When you reach the line that contains "Aus dem Bereich" in the data below, start reproducing lines exactly, and stop after the line that contains "袖、衿はリブニットで切り替え".

*** Opening of Record extracts ***

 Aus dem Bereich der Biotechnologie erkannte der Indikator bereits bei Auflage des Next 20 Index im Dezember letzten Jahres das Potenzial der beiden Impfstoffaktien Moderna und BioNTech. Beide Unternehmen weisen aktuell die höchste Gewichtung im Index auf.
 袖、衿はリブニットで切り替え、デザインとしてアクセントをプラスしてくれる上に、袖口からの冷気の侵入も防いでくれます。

*** Close of Record extracts ***
*** Opening of Record extracts ***

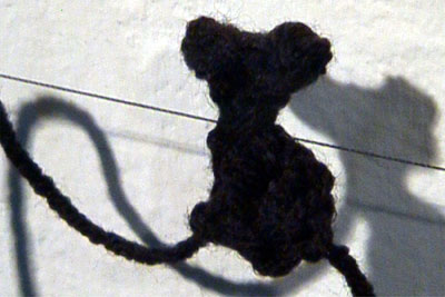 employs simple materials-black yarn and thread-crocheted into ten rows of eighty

*** Close of Record extracts ***

# Answer to the exercise:
 Aus dem Bereich der Biotechnologie erkannte der Indikator bereits bei Auflage des Next 20 Index im Dezember letzten Jahres das Potenzial der beiden Impfstoffaktien Moderna und BioNTech. Beide Unternehmen weisen aktuell die höchste Gewichtung im Index auf.
 袖、衿はリブニットで切り替え、デザインとしてアクセントをプラスしてくれる上に、袖口からの冷気の侵入も防いでくれます。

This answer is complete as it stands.